** REQUIRED WORK **
Your answer should be the exact lines of the data below from the one containing "Il momentum macro" through the one containing "AEROSLEEP, отель по"; please include nothing else.

** INPUT MATERIAL **
• • • • • • •
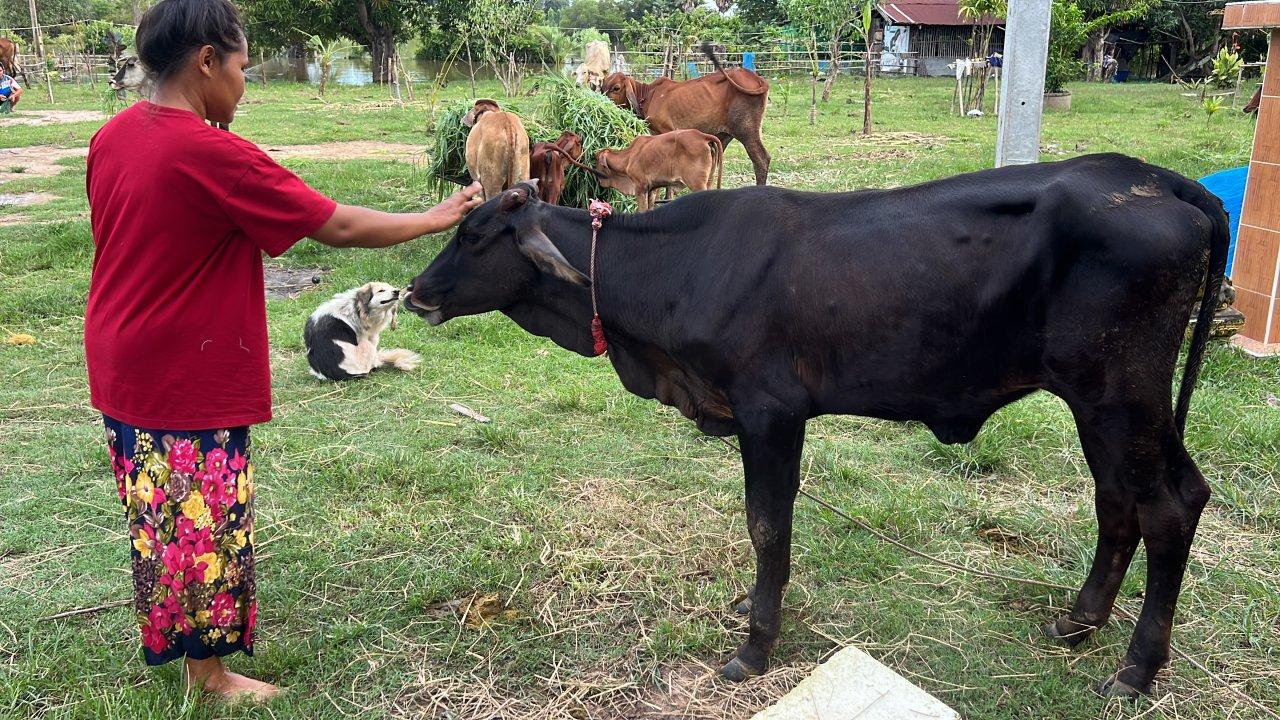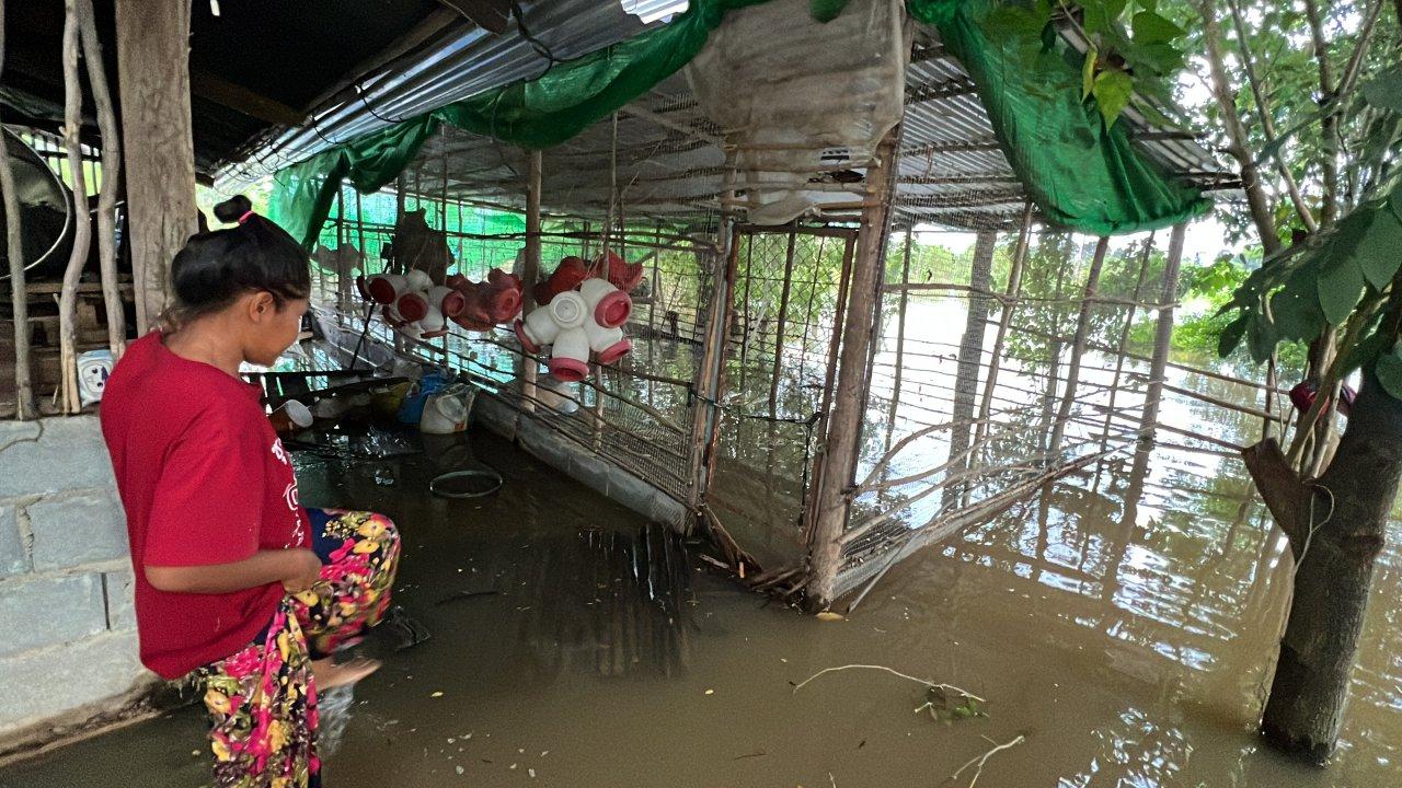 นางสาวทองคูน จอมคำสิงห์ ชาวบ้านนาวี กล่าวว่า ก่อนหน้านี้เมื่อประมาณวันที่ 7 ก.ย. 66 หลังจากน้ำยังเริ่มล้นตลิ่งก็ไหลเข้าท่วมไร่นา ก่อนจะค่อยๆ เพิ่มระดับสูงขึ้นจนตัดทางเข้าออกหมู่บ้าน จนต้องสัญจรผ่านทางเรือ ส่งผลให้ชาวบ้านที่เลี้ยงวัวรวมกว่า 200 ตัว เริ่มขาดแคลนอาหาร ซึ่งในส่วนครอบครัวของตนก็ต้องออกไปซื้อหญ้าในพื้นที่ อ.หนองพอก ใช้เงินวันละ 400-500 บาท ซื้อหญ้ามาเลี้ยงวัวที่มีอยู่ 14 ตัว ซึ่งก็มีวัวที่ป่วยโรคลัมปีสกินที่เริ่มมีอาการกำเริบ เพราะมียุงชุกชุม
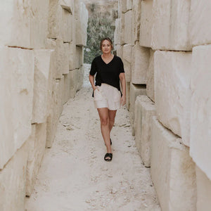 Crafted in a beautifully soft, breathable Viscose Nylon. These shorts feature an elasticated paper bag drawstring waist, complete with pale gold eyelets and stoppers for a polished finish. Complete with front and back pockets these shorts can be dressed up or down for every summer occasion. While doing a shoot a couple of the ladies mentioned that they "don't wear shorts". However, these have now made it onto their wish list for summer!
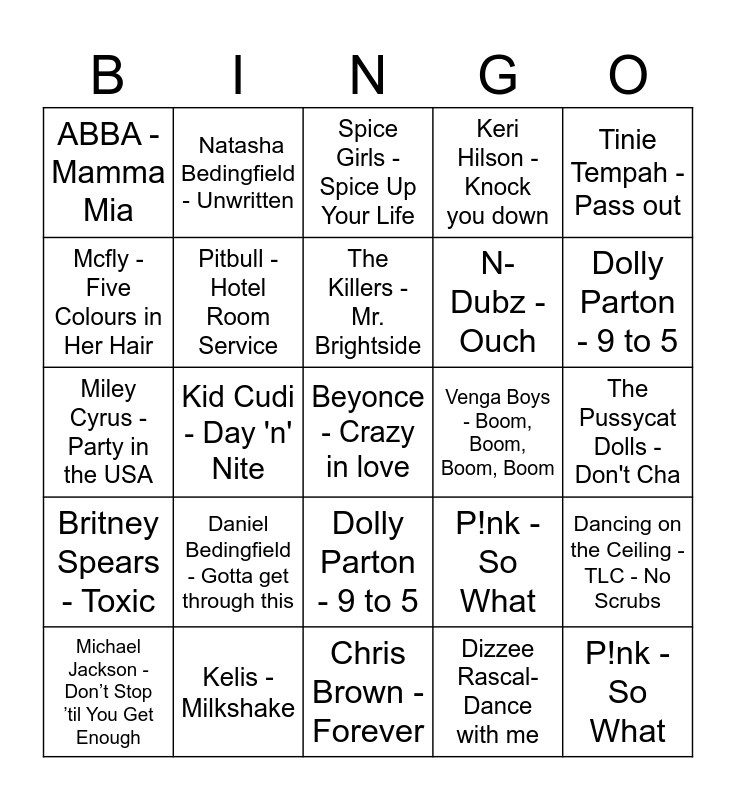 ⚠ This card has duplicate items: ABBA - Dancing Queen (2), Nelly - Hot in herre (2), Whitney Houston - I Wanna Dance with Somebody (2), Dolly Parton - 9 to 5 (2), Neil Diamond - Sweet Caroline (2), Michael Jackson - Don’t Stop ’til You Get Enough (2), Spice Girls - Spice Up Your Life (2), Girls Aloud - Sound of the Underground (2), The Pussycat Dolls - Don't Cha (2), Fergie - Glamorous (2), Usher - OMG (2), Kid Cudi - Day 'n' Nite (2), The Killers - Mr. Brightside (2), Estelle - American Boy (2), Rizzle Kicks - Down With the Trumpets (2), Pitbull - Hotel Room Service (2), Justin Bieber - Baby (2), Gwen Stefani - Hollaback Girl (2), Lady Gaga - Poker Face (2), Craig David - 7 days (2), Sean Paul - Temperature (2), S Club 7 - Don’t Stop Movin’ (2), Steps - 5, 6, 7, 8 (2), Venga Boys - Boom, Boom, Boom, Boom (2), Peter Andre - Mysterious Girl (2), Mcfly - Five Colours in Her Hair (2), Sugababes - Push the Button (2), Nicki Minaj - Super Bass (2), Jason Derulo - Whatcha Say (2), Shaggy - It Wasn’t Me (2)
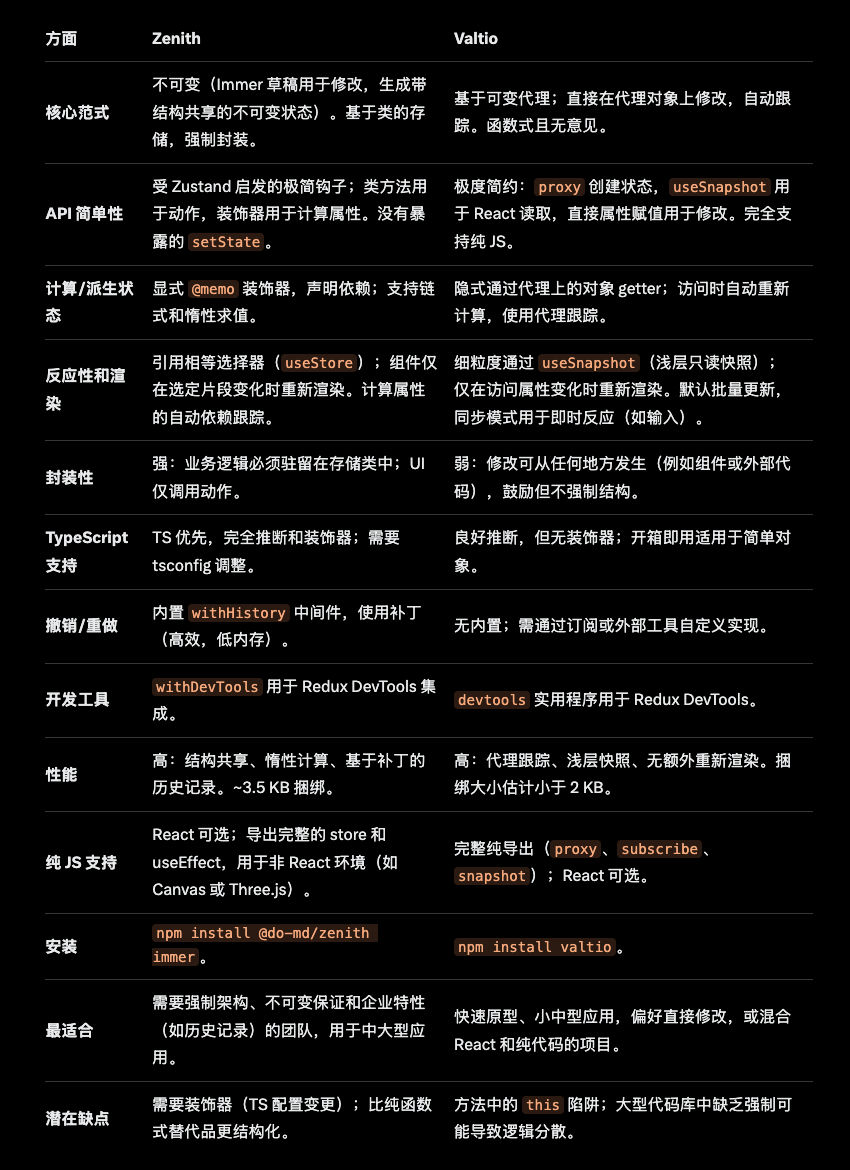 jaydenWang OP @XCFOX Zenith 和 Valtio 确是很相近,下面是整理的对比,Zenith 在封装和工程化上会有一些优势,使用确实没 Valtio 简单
• • • • • • •
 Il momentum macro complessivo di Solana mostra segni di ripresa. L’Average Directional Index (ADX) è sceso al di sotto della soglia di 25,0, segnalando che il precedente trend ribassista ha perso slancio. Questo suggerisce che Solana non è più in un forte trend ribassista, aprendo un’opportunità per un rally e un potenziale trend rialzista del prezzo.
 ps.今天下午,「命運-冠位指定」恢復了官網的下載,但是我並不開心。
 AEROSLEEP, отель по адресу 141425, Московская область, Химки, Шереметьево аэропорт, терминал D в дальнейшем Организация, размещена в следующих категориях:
• • • • • • •
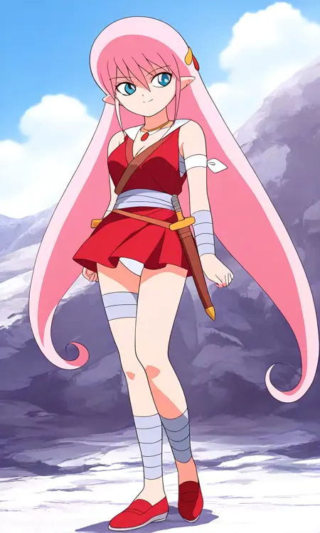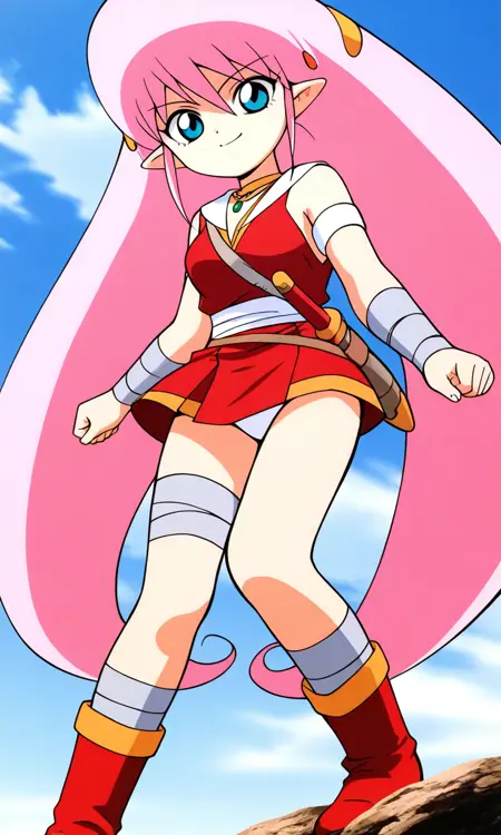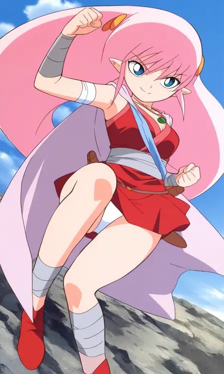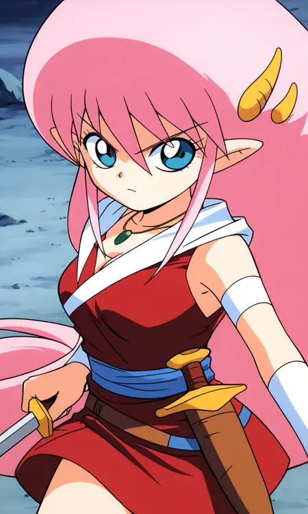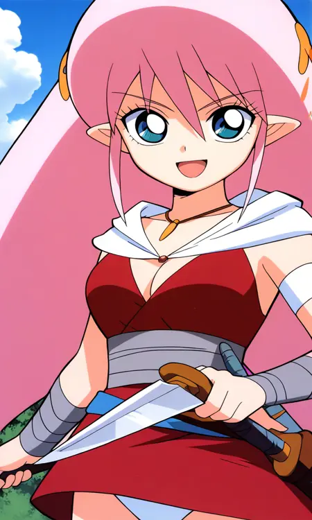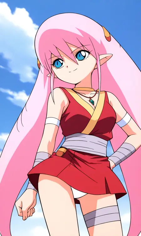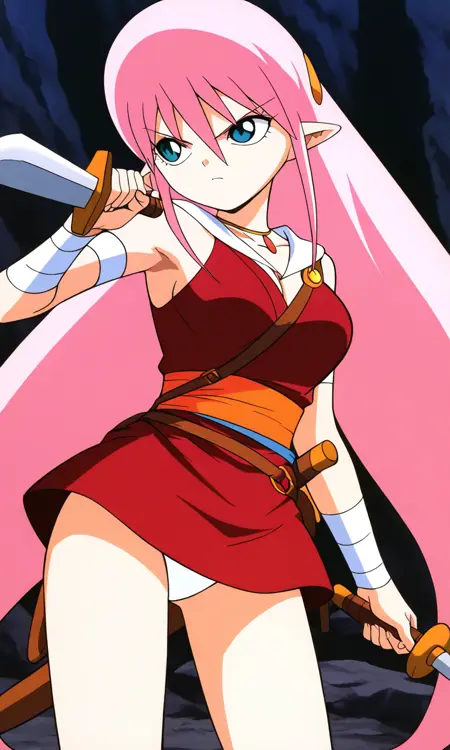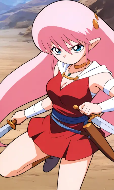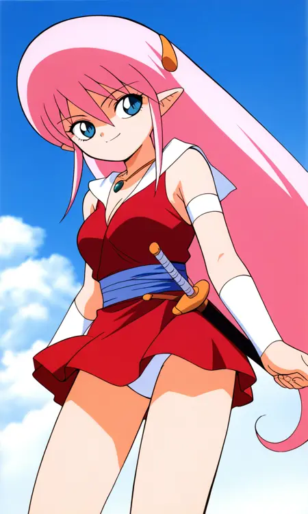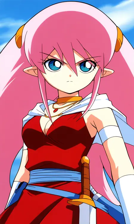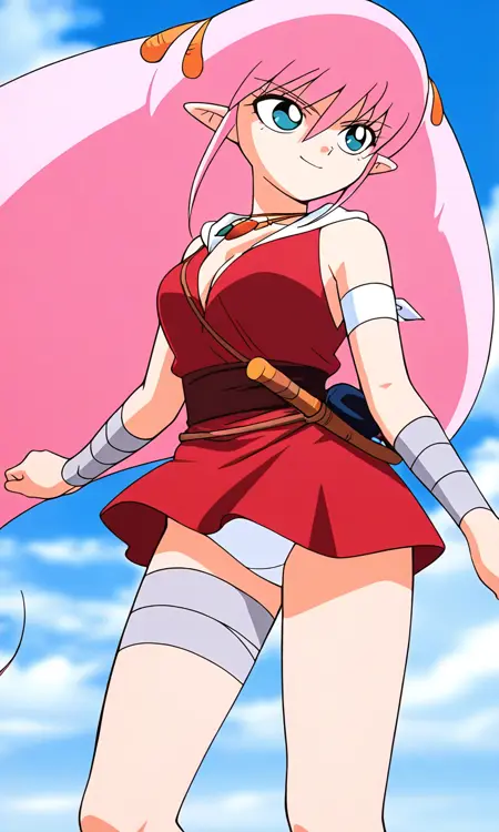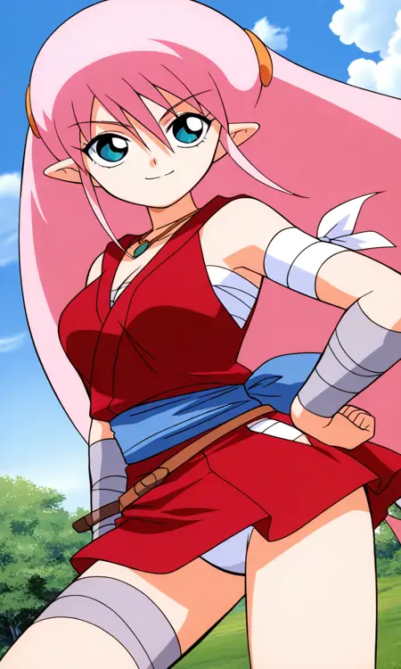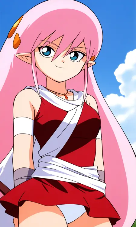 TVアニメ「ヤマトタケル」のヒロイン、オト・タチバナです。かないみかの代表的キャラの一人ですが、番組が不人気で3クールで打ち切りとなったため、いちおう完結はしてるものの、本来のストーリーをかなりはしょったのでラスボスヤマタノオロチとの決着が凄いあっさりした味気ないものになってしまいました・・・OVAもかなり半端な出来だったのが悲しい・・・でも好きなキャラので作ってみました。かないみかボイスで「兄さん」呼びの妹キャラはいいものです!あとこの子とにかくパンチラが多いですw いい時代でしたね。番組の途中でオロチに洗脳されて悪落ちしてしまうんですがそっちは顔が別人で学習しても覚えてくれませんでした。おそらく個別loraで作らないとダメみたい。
• • • • • • •
** ANSWER TO THIS TASK **
 Il momentum macro complessivo di Solana mostra segni di ripresa. L’Average Directional Index (ADX) è sceso al di sotto della soglia di 25,0, segnalando che il precedente trend ribassista ha perso slancio. Questo suggerisce che Solana non è più in un forte trend ribassista, aprendo un’opportunità per un rally e un potenziale trend rialzista del prezzo.
 ps.今天下午,「命運-冠位指定」恢復了官網的下載,但是我並不開心。
 AEROSLEEP, отель по адресу 141425, Московская область, Химки, Шереметьево аэропорт, терминал D в дальнейшем Организация, размещена в следующих категориях:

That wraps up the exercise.